*PROBLEM DETAILS:* Once you find the line that contains "SimpleParenting Doona Liki", transcribe it and each line after it through the end of the listing, exactly as written.

*RECORDED DATA:*
───

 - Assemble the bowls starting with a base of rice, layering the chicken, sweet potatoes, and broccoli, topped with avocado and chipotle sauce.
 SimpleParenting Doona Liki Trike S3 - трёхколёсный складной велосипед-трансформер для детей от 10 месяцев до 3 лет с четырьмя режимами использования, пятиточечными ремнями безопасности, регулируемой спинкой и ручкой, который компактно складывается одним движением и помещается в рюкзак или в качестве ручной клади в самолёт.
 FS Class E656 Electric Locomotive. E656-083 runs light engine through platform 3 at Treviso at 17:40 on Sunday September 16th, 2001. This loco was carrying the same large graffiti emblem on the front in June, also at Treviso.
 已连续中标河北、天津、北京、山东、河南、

───

*TASK ANSWER:*
 SimpleParenting Doona Liki Trike S3 - трёхколёсный складной велосипед-трансформер для детей от 10 месяцев до 3 лет с четырьмя режимами использования, пятиточечными ремнями безопасности, регулируемой спинкой и ручкой, который компактно складывается одним движением и помещается в рюкзак или в качестве ручной клади в самолёт.
 FS Class E656 Electric Locomotive. E656-083 runs light engine through platform 3 at Treviso at 17:40 on Sunday September 16th, 2001. This loco was carrying the same large graffiti emblem on the front in June, also at Treviso.
 已连续中标河北、天津、北京、山东、河南、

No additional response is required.